=== EXTRACTED MATERIAL ===
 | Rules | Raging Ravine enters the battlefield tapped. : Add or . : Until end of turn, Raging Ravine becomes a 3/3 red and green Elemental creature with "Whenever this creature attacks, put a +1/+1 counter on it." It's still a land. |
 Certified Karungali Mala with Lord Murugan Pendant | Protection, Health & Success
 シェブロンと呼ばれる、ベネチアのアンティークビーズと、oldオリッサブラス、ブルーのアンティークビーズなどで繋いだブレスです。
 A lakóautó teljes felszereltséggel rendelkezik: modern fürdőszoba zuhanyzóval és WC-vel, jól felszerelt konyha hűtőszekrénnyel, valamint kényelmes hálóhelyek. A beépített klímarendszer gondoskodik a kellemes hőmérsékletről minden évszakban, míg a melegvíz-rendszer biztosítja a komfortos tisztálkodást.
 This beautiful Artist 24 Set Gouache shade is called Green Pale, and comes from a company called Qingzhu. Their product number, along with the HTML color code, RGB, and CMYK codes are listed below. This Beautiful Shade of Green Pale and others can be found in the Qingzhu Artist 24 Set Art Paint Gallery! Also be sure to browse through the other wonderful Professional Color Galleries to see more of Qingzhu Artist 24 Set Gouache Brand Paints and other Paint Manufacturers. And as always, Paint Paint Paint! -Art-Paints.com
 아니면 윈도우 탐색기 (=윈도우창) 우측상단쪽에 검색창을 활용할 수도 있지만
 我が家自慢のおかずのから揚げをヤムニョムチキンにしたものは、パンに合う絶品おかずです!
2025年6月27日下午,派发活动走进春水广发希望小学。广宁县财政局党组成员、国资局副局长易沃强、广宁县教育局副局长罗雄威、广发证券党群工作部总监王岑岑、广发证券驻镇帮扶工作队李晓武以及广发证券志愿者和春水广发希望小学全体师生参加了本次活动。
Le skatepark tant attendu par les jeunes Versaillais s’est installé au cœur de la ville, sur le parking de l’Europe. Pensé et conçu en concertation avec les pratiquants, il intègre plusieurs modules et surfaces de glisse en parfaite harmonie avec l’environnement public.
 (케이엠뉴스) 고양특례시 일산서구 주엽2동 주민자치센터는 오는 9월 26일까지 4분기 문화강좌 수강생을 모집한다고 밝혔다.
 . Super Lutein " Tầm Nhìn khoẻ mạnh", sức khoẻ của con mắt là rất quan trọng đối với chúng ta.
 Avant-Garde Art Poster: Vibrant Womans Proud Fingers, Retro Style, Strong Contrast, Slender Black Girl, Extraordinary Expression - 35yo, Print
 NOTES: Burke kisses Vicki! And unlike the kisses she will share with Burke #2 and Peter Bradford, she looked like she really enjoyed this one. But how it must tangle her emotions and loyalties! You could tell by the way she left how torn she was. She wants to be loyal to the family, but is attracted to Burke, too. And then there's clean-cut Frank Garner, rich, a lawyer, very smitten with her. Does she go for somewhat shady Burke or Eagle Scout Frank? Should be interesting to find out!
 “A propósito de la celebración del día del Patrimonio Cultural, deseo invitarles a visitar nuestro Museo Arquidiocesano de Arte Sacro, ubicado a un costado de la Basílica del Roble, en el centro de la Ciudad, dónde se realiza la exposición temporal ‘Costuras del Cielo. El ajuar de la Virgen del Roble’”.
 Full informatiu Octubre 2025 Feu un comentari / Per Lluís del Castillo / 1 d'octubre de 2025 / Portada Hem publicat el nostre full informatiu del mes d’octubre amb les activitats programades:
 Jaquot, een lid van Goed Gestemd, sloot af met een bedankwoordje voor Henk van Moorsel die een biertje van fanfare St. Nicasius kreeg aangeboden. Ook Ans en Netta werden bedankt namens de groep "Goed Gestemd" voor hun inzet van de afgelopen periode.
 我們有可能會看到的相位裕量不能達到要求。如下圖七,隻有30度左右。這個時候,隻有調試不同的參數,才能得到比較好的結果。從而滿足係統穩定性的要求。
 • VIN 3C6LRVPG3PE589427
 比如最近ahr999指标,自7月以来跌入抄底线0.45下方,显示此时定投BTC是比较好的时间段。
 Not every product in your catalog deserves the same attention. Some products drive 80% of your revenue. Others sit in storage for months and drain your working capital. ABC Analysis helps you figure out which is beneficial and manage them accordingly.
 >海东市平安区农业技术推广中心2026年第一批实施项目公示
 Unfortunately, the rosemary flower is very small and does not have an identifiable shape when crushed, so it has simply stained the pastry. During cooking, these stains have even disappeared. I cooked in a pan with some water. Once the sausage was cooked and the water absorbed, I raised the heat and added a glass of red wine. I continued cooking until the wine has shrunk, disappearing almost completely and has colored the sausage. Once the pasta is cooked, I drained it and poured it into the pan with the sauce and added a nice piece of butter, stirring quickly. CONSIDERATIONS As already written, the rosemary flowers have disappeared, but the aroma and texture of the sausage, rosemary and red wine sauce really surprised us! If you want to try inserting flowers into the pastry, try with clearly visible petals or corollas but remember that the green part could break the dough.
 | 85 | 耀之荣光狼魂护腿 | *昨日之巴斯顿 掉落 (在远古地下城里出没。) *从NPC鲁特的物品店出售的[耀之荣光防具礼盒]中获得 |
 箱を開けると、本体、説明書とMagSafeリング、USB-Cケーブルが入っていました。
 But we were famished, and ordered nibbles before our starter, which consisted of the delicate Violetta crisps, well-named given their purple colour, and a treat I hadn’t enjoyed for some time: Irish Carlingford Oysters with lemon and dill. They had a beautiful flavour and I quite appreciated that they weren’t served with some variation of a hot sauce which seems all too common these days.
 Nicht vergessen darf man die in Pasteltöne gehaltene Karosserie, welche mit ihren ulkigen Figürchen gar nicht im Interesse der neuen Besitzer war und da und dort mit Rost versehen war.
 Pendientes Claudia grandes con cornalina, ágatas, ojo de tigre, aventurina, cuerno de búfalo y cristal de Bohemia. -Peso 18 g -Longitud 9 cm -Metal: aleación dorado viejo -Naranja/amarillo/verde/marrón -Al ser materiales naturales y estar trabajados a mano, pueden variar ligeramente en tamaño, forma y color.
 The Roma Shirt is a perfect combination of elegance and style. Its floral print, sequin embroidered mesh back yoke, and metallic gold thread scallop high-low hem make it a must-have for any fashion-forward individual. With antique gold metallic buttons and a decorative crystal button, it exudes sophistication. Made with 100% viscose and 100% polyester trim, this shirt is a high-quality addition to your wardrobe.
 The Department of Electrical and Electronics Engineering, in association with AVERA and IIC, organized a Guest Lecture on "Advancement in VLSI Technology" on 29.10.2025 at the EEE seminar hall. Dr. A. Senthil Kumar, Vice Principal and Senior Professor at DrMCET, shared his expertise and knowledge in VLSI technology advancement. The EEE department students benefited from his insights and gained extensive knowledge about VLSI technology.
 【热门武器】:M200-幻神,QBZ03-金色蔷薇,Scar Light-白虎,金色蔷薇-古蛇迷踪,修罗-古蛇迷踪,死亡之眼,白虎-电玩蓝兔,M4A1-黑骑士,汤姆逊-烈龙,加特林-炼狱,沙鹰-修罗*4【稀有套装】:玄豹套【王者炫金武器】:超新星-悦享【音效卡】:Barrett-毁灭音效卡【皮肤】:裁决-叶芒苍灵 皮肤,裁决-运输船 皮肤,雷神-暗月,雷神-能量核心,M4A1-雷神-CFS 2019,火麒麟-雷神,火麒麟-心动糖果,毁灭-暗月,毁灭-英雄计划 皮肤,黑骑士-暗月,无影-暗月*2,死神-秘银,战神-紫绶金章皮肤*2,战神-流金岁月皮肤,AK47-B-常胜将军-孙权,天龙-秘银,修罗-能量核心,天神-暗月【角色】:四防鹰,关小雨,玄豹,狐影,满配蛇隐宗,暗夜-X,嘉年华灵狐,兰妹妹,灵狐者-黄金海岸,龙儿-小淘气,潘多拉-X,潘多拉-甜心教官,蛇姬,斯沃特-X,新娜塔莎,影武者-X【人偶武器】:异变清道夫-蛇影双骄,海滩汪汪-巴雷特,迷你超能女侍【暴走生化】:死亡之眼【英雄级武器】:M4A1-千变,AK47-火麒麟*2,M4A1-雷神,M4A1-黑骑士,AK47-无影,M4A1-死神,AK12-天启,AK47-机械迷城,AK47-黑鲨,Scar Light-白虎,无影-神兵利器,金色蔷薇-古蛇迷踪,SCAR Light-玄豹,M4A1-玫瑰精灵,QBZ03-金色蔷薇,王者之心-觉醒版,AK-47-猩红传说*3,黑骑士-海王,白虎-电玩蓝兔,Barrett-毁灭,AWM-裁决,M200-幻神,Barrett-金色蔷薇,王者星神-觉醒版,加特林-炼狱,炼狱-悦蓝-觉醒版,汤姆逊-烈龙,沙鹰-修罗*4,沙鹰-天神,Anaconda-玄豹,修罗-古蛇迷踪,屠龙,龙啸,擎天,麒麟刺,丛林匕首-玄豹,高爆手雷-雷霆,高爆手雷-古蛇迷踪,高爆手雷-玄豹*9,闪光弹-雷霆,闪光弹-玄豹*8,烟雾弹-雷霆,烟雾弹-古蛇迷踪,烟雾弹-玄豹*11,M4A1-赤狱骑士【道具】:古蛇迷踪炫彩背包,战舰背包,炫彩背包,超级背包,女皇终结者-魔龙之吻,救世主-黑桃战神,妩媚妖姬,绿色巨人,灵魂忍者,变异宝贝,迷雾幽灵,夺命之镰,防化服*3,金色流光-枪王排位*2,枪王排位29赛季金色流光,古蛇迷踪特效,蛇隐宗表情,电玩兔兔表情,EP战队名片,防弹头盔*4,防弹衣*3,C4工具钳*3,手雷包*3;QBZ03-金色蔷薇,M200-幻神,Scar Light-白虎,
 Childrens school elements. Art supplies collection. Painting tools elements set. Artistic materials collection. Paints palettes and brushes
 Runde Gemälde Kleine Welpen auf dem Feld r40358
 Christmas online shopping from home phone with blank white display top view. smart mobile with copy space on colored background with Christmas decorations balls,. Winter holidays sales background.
===
DIRECTIONS FOR THIS TASK
What you output must be the lines from the opening of the material above up to and including the line with "Certified Karungali Mala", reproduced exactly.

SOLUTION FOR THIS TASK
 | Rules | Raging Ravine enters the battlefield tapped. : Add or . : Until end of turn, Raging Ravine becomes a 3/3 red and green Elemental creature with "Whenever this creature attacks, put a +1/+1 counter on it." It's still a land. |
 Certified Karungali Mala with Lord Murugan Pendant | Protection, Health & Success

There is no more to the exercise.